=== GIVEN DATA ===
○ ○ ○ ○ ○ ○ ○

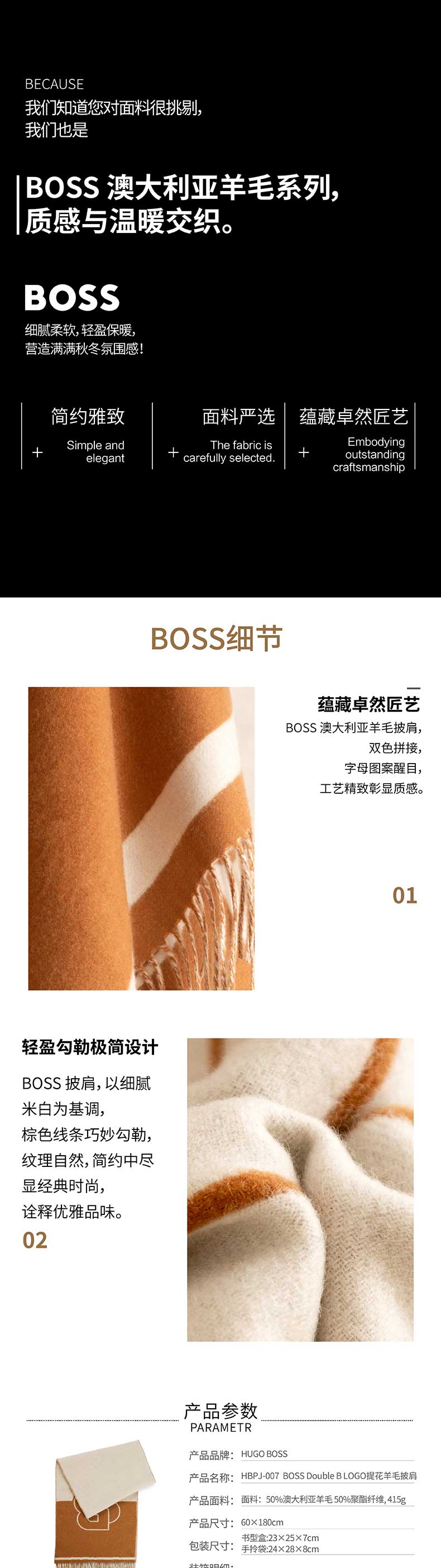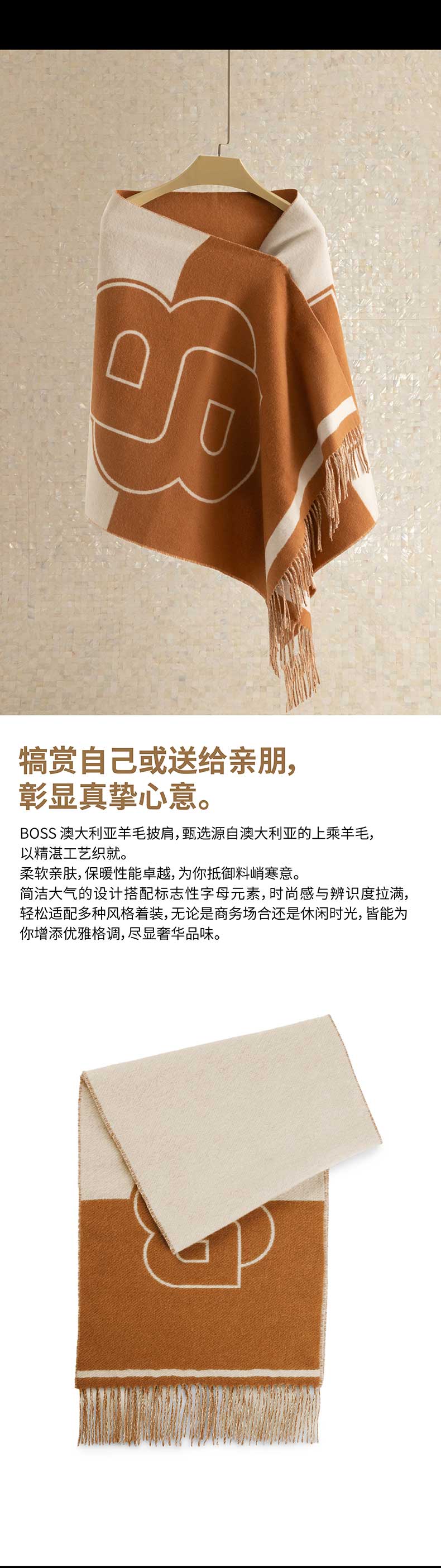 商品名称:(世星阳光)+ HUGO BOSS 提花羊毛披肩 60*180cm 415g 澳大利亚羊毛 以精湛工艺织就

○ ○ ○ ○ ○ ○ ○

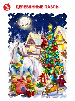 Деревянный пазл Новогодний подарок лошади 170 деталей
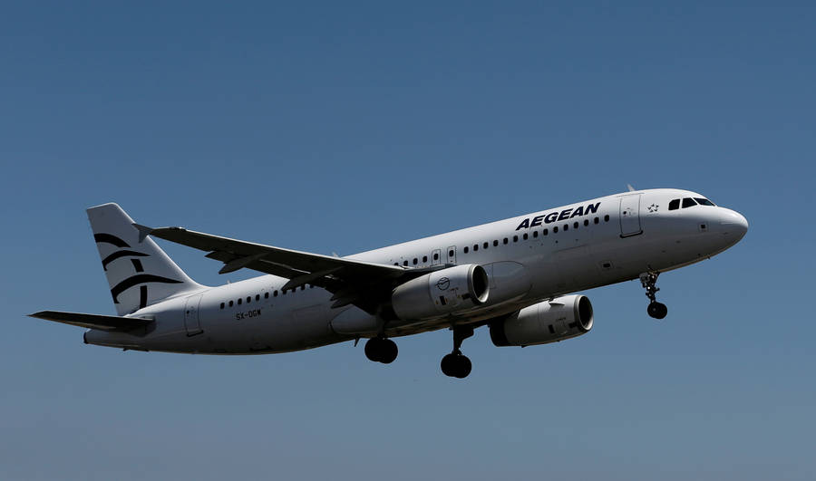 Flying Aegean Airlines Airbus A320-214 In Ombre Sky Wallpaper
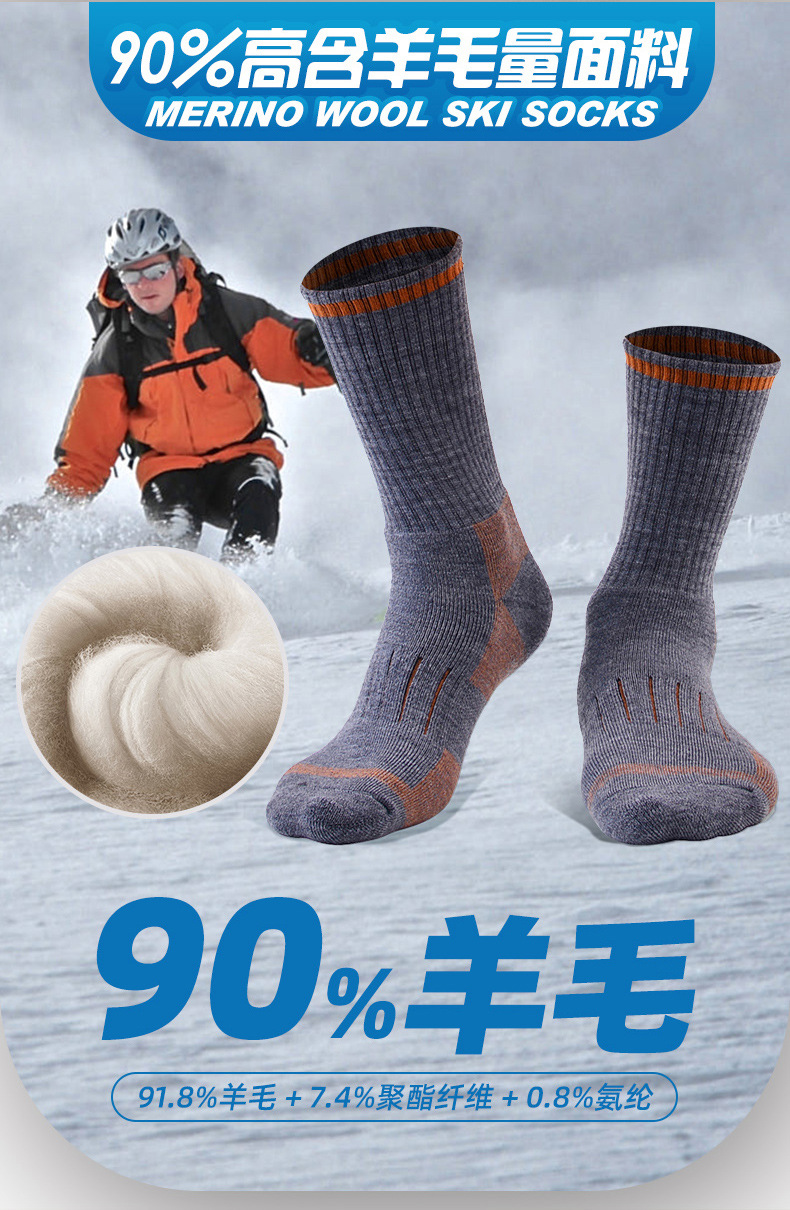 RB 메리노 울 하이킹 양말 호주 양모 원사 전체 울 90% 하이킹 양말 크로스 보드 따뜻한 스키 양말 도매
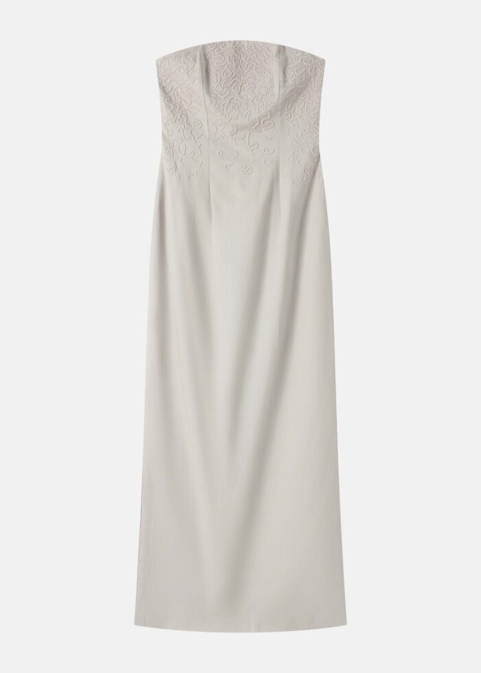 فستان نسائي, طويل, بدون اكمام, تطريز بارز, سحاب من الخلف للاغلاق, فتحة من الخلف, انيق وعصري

○ ○ ○ ○ ○ ○ ○

=== WORK TO BE COMPLETED ===
Exactly the lines above, from the one containing "RB 메리노 울 하이킹" down to the one containing "فستان نسائي, طويل, بدون", are to be repeated, including both ends. Pictures are not part of the copy.

=== OUTPUT FOR THIS EXERCISE ===
 RB 메리노 울 하이킹 양말 호주 양모 원사 전체 울 90% 하이킹 양말 크로스 보드 따뜻한 스키 양말 도매
 فستان نسائي, طويل, بدون اكمام, تطريز بارز, سحاب من الخلف للاغلاق, فتحة من الخلف, انيق وعصري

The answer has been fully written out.